Thyroid function tests for MBBS, LAB. MED & BDS.pptx

Thyroid Function Tests Rajendra Dev Bhatt, PhD Scholar Asst. Professor/Clinical Biochemist Clinical Biochemistry & Laboratory Medicine Fellow: Translational Research (2018-2022) in CVD in Nepal, NHLBI & NIH, USA

Hypothyroidism is the most common thyroid disorder in the pediatric (as well as adult) population . In recent years, there appears to be an increase in the use of TFTs by clinicians during routine health assessments.

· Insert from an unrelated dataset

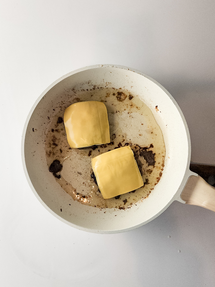 Remove from the heat and then place the cheese slices on top of each patty, letting it melt.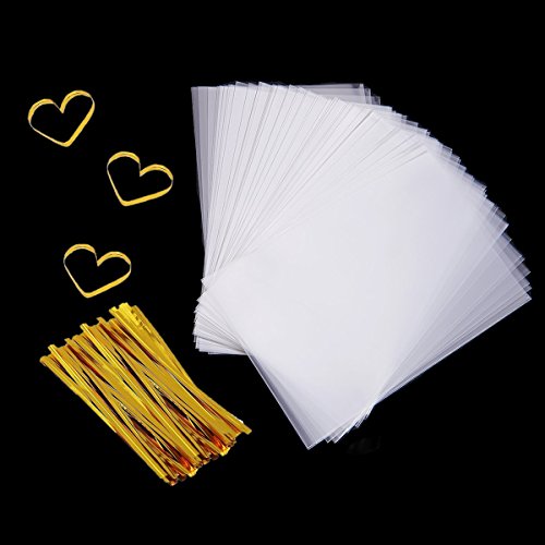 Clear cellophane treat bag: Flat bag, 4 inch by 6 inch; 70 Micron thick with 200 PCS Metallic twist ties: Gold, 2mm*80mm

Introduction Thyroid function tests (TFTs) are the most frequently ordered endocrine investigations in children and adolescents. Abnormalities in TFTs can help in diagnosis of primary thyroid disorders (i.e. disorders in which the defect is at the thyroid level) as well as secondary or central thyroid disorders (in which defect is at the pituitary level).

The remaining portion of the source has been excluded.